Big Duck is a resource for non-profits that helps with the strategy, writing, design, and overall communication for organizations. Their blog — Duck Call — is one I find useful in so many ways. It’s succinctly written, and their tips for effectively running a non-profit or campaign feel attainable. I found this recent entry entitled “One simple tip for writing your year-end appeal” to be particularly helpful, and I wanted to share it with you…
Basically, the point of the blog entry is “who cares?” Who cares why you’re speaking up for animals? Who cares why you think people should donate to your efforts? Who cares why you are advocating for veganism? Who cares what’s happening behind closed doors to animals?
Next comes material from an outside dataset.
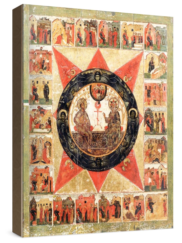 Икона новозаветная троица - сопрестолие (копия старинной иконы). Икона на заказ. Срок изготовления - 1-2 недели. Изображение нанесено на основу из натурального хвойного дерева методом прямой печати (не полиграфия). Деревянная основа иконы подвержена искусственному старению. Лик покрыт специальным лаком, что защищает икону от воздействий окружающей среды и обеспечивает хранение иконы в первозданном виде в течение нескольких десятилетий. Цена зависит от размера иконы (высота может незначительно отличаться от указанной величины в связи с точным соблюдением пропорций оригинала): 10x13*- 1500 руб. 30x40 - 5000 руб. 60x80 - 15000 руб. 15x18 - 2250 руб. 40x60 - 8000 руб. 80x120 - 20000 руб. 20x25 - 3000 руб. * - изготовление иконы 10х13 см возможно только при заказе от 3 шт.

The blog entry focuses specifically on effectively writing a year-end appeal, using the question,”Who cares?” as the starting point to pin down why people should care enough to donate to your cause. But really, this can be applied to just about any aspect of your activism. Here’s what the blog entry’s writer, Dan Gunderman, had to say:
Why do you care? Free associate. List all of the reasons. Keep free-associating until you get to the heart of it. Some of your answers will be logical, some emotional, some academic, and some downright visceral. Write down everything that comes to mind, even reasons that may seem ridiculous or bad. There are no bad ideas in a brainstorm. Spend at least 30 minutes free-associating about why you care.
Set your list aside for at least an hour. If you have time to leave it for a day, even better. The important thing is that you come back to it fresh.
What stands out? What is immediately compelling? There’s your hook.
When crafting your message and your talking points, figuring out “who cares,” and why, can result in a win.